封面風格流程草圖，顯示一個 1,250 萬行的 repository 像堆疊的程式碼層，agent 路徑穿過四道閘門

案例：在大到不能「直接讀完」的程式庫中抽取 Activation Vectors

Activation vector extraction 聽起來範圍很窄，但在 vLLM 這樣的系統裡，它會跨過一堆尷尬邊界：模型執行、tensor shape、batching、分散式 runtime 假設、precision handling，以及對效能敏感的 code path。這正是 agent 能幫上忙的任務，也正是 agent 可能害慘你的任務。

Rakuten 這次執行厲害的地方不是七個小時。長時間執行的 agent 很容易啟動。
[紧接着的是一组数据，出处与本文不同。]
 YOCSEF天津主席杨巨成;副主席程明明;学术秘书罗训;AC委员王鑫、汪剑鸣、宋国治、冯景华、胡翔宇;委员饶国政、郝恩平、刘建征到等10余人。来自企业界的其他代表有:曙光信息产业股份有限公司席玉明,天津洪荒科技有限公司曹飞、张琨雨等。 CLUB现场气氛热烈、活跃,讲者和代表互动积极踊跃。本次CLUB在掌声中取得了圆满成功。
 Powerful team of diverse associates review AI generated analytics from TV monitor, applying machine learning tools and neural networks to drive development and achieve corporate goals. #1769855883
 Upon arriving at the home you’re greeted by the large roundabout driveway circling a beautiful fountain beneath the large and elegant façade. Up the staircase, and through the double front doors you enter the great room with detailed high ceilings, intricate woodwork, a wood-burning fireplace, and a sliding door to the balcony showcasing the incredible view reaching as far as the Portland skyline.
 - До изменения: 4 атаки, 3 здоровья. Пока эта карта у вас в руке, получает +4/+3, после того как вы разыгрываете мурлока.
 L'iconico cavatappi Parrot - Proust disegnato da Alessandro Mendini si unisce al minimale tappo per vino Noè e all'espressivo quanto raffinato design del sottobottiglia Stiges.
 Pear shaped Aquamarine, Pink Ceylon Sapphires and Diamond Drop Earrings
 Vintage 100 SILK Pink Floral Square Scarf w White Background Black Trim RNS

厲害的是，這個任務有一個數值 oracle。

部落格文章版的任務可能會這樣寫：

Add activation vector extraction to vLLM.

正式生產版應該這樣寫：

Implement activation vector extraction for target model layers in vLLM, preserve existing inference behavior, add tests comparing extracted activations against a reference implementation, and fail the task unless relative/absolute error stays below the agreed threshold across representative prompts, batch sizes, dtypes, and devices.

這是兩種不同的工作。第一種會邀請一個看似合理的 diff。第二種會建立一個閉環。

Anthropic 自家的 Claude Code 文件也用更一般的方式講了同一件事：給 Claude 一個它可以執行的檢查，否則「看起來完成了」就會變成唯一的完成訊號（Claude Code best practices）。對 ML 基礎設施來說，這個檢查不能只是「unit tests pass」。它需要一個數值 oracle。

Rakuten 風格設定的精簡版看起來像這樣：

邊界	糟糕版本	較好版本
目標	「加入 activation extraction」	「從 X/Y 層抽取 activations，且 generation outputs 不變」
Oracle	「測試通過」	「跨 dtype、batch、sequence length 比對 tensors 與參考結果」
自主性	「跑到完成」	「跑到 oracle 通過，遇到 scope expansion 就停」
Review	「讀最後的 diff」	「檢查被碰到的子系統、tensor 語意、效能影響」
Rollback	「壞了就 git reset」	「每個 phase checkpoint、每次嘗試一個 branch、可 revert 的 commits」

社群抱怨的是對的事情

現在開發者的不安，不是反 AI 懷舊。主要是控制權問題。

在 Hacker News 上，一串關於 Claude Code 隱藏部分進度細節的討論，演變成更大的爭論：開發者到底需要看見什麼。一位留言者把有用的區分講得很好：原始內部推理不是重點；開發者需要的是可檢查的 tool calls、execution traces、failure modes，以及可重現的行為（Hacker News）。同串裡另一個抱怨更偏操作面：當 agent 跑去做很廣的探索時，使用者可能要燒掉 20 或 30 分鐘才發現它已經迷路。

Reddit 上有同一種抱怨的更尖銳版本。在一個 ClaudeAI 討論串中，有使用者把真正耗時間的東西形容成「silent fake success」：agent 不是修掉失敗路徑，而是加上 fallback behavior，讓程式碼看起來能動（Reddit）。另一個 Fable 5 討論裡，使用者分成兩派：「它修掉了 Opus 卡住的問題」和「它產出額外程式碼，還漏掉 edge cases」（Reddit）。

現在也有研究開始替這種擔憂放上數字。一篇 2026 年 5 月關於過度積極 coding agents 的 preprint 報告指出，在配對情境中，移除明確同意宣告後，Claude Code 的 overeager-action rate 從 0.0% 上升到 17.1%（arXiv）。你不必把它當成通用 benchmark，也該認真看待其中教訓：自主性高度取決於 harness 和指令。

錯誤的做法是爭論模型到底「好」或「壞」。有用的問題是：你有沒有替 agent 做一個盒子，讓它的主動性在盒子裡有產值，而跑到盒子外就會付出代價？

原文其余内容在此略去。